Bowman shoots into a dartboard, with possible gain ranging from 0 to 10 points.

Probability that he shoots 30 points in 3 shots is 0.008.

Probability that he shoots < 8 in one shot is 0.4.

Probability that he shoots exactly 8 in one shot is 0.15.

What is the probability that he gains at least 28 points in 3 shots?

**3. The Attempt at a Solution**

My solution:

[tex]

P(X \ge 28) = P(X = 28) + P(X = 29) + P(X = 30)

[/tex]

We know

**P(X = 30)**so it's sufficient to count

**P(X = 28)**and

**P(X = 29)**.

__X = 28__This situation can occur either if:

(a) He shoots 10, 10 and 8 (in any order)

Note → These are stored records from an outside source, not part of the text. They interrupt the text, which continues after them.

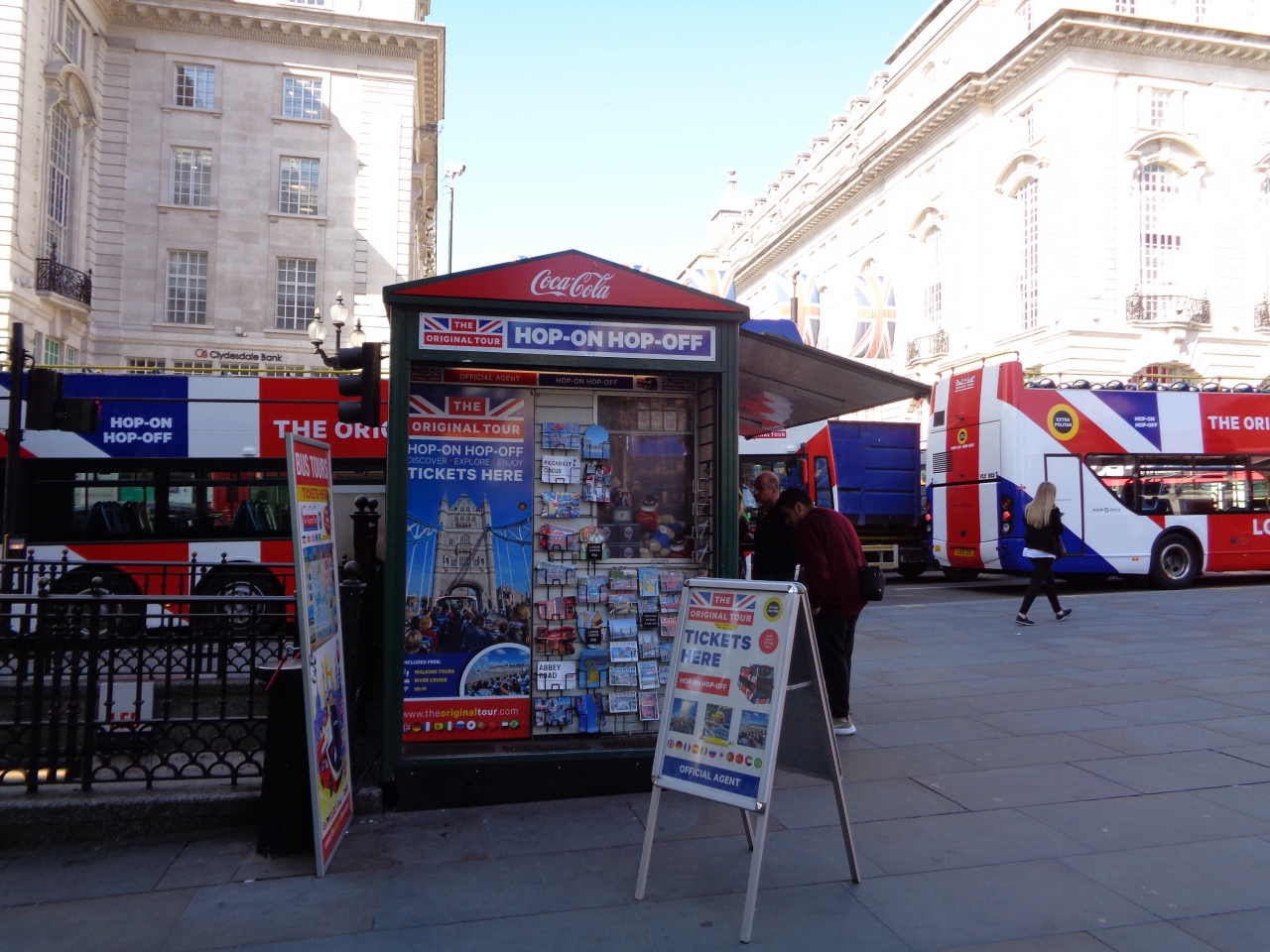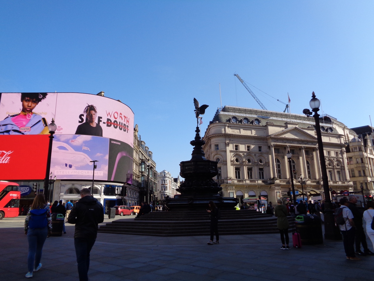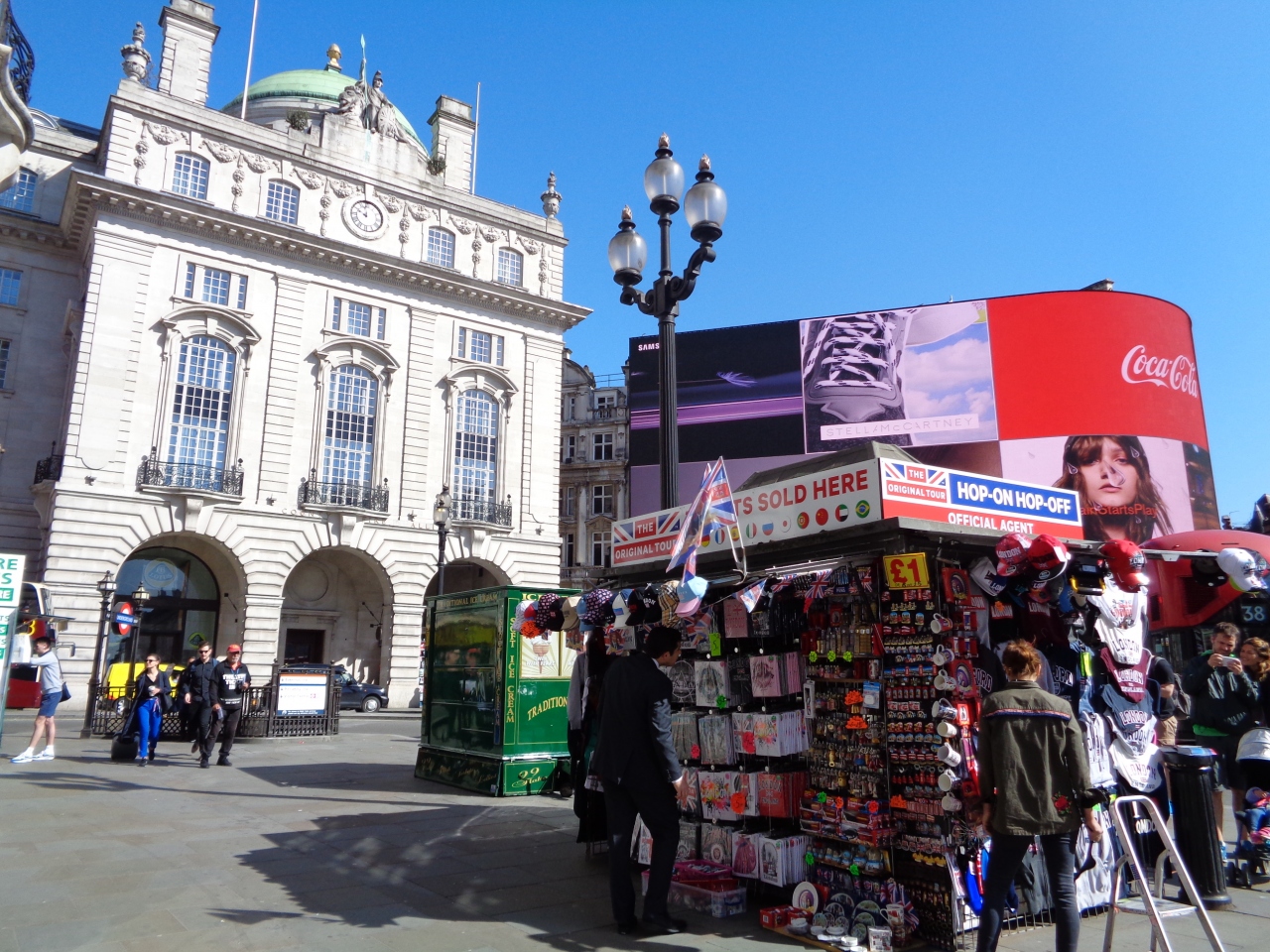 ピカデリーサーカスはロンドン繁華街のど真ん中で、周辺の道は凄い交通量でした。広場を中心に四方八方に道が延びているので、目的の方向への道を見つけるのにてこずり、何度も道を間違えてはここに戻って来ました。あちこちに土産物屋があり、エロスの像について説明を受ける団体旅行者の姿もありました。- 旅行時期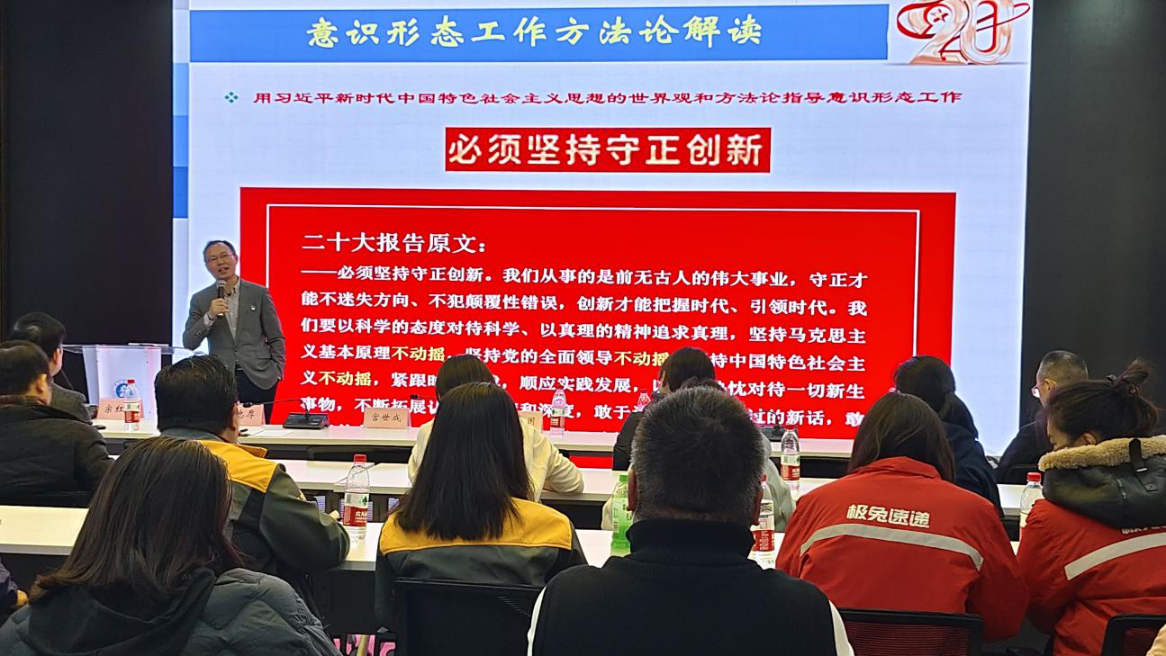 首先,由宫世成书记发表讲话。他强调,各位党员同志应当加强品德修养,不断培养高级的操心和淳朴的情感。要提升能力本领,更要为国争光,为民造福;更要凭借个人担当,为促进高质量发展、推动高水平创新、创造高品质生活,贡献青春力量;要砥砺奋斗,奋力书写青春无悔的新篇章。而后,qy球友会千亿官网党委书记熊文杰教授讲解主题为“新时代中国特色社会主义思想新发展”专题课程。熊文杰教授首先指出,党的二十大确立了新时代新征程、全面建设社会主义现代化国家团结奋斗的宏伟纲领,随后从二十大会议上习总书记特别强调的三个务必切入,指出要牢记总书记“务必不忘初心,牢记使命,务必谦虚谨慎,辛苦奋斗,务必敢于斗争,善于斗争”的指示。接着从党的伟大变革方面,联系当今国际局势与国家发展大势,以qy球友会千亿官网党建工作为例,强调要加强党建引领,把握五项基本原则,走好新时代赶考之路。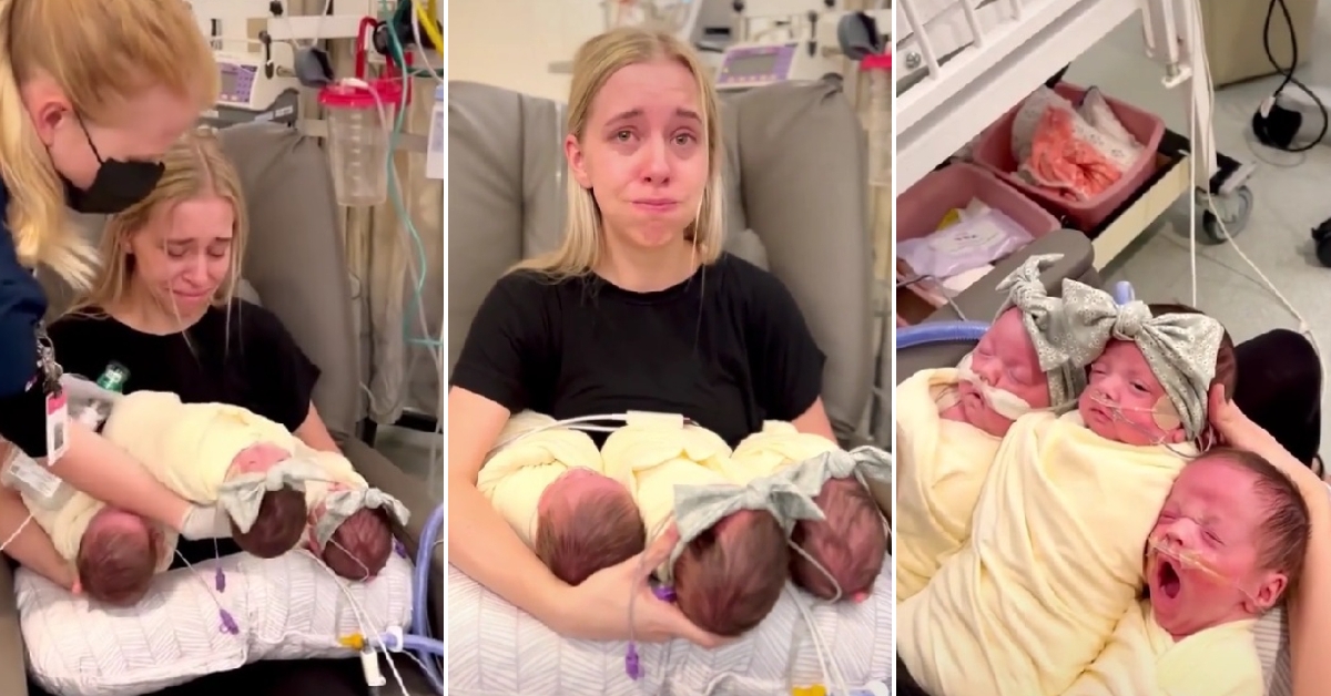 Мајка не можеше да си ги задржи солзите кога за првпат ги зеде во раце сите три бебенца. По раѓањето, тие беа раздвоени 61 ден и се обединија во мајчината прегратка.

(b) He shoots 10, 9, 9 (in any order)

So I guess:

[tex]

(*)\ \ \ \ P(X = 28) = (P(X = 10).P(X =10).P(X = 8))+(P(X=10).P(X=9).P(X=9))

[/tex]

What I'm interested in is whether this is ok. I don't know if I should take into an account that (let's take for example the case

**(a)**) the bowman can shoot the points in any order, ie. 10, 10, 8 or 10, 8, 10 and so on.

Don't I have to multiply

**(*)**with 3! so that I cover all the orders in which the shooter can gain those points?

Thank you very much.